The 9 Best Callbacks in Brooklyn Nine-Nine‘s Blow-Out Series Finale

TV Lists brooklyn nine-nine
The 9 Best Callbacks in Brooklyn Nine-Nine‘s Blow-Out Series Finale

When I put together this list of the 9 best episodes of Brooklyn Nine-Nine, back when the long-running series had just hit its milestone 99th episode, I landed on the theory that Brooklyn Nine-Nine’s comedic strength lay primarily in iteration. Ever ready to tap old set-ups for new punchlines, Brooklyn Nine-Nine had made an art, even by then, of building (and building, and building) on its own best jokes. “Brooklyn Nine-Nine,” I wrote, “works to ensure that its signature gags are not repetitive, but iterative—familiar enough to invoke excitement and/or fondness, but with a fresh enough twist that the gag […] gains a new layer each time it’s called back into service.”

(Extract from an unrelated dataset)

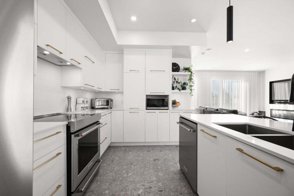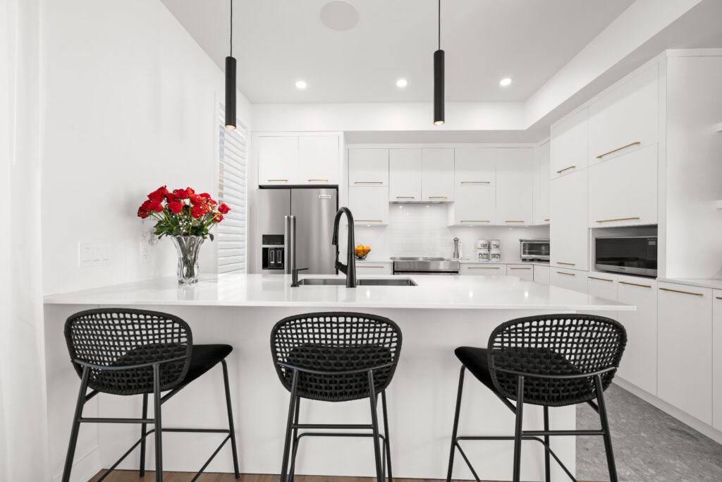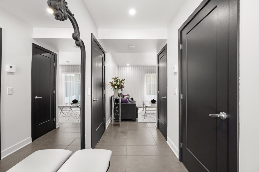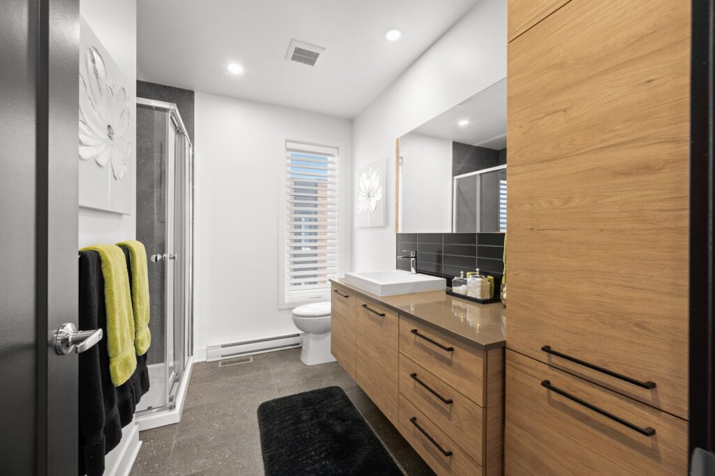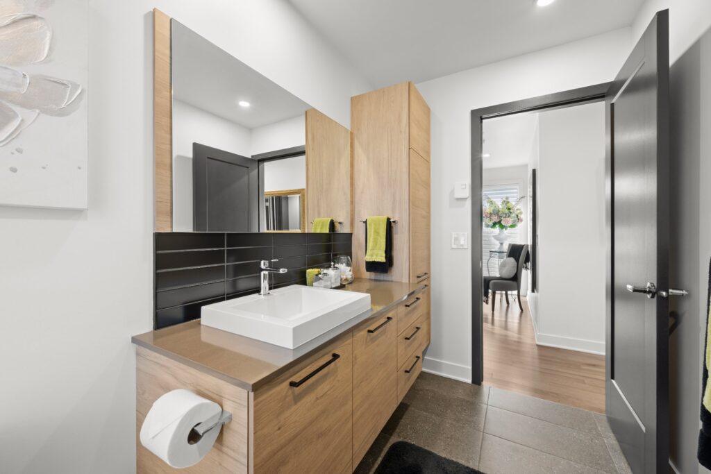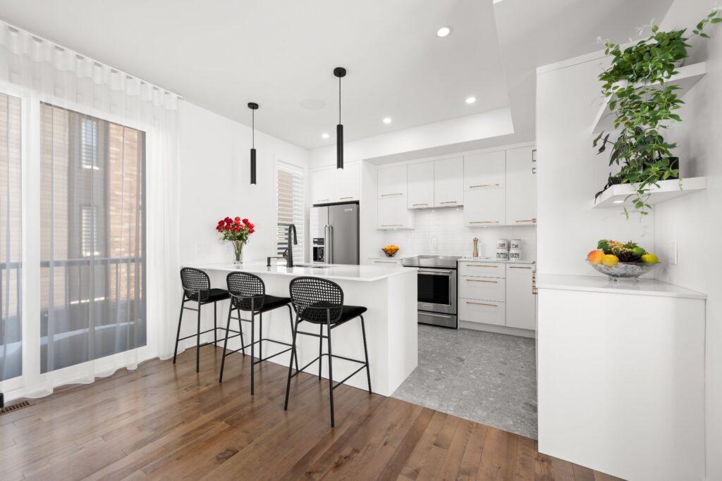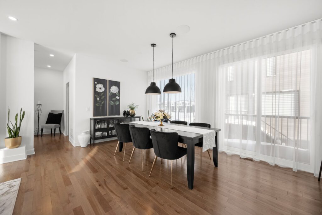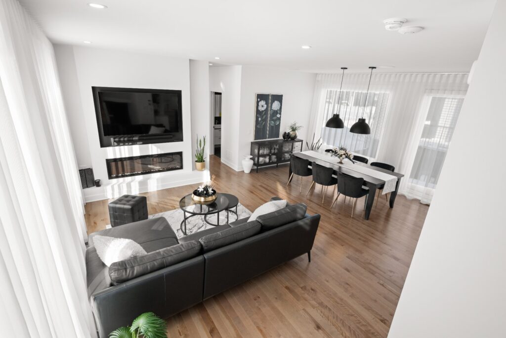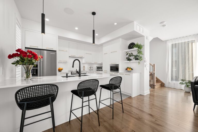 La résidence propose de superbes aires de vie à aire ouverte réparties sur trois niveaux, mises en valeur par des planchers de bois et des matériaux de qualité soigneusement sélectionnés lors de la construction.

Which is all to say, duh—what else was this week’s blow-out series finale going to be than one last heist? It had to be! And while, sure, pretty much 99% of it was utterly predictable (the remaining 1%? Chekhov’s Kool-Aid Man), there wasn’t anything disappointing about that. Rather, all that utter predictability let Brooklyn Nine-Nine do what it’s always done best: It let the characters showcase all the growth they’ve undergone across the eight years they’ve spent honing this exact set-up, filled with these exact jokes.

To that end, I’ve iterated on my own past work, and pulled together this list of the 9 best callbacks Brooklyn Nine-Nine packed into this, its final juggernaut outing.

Nine-nine!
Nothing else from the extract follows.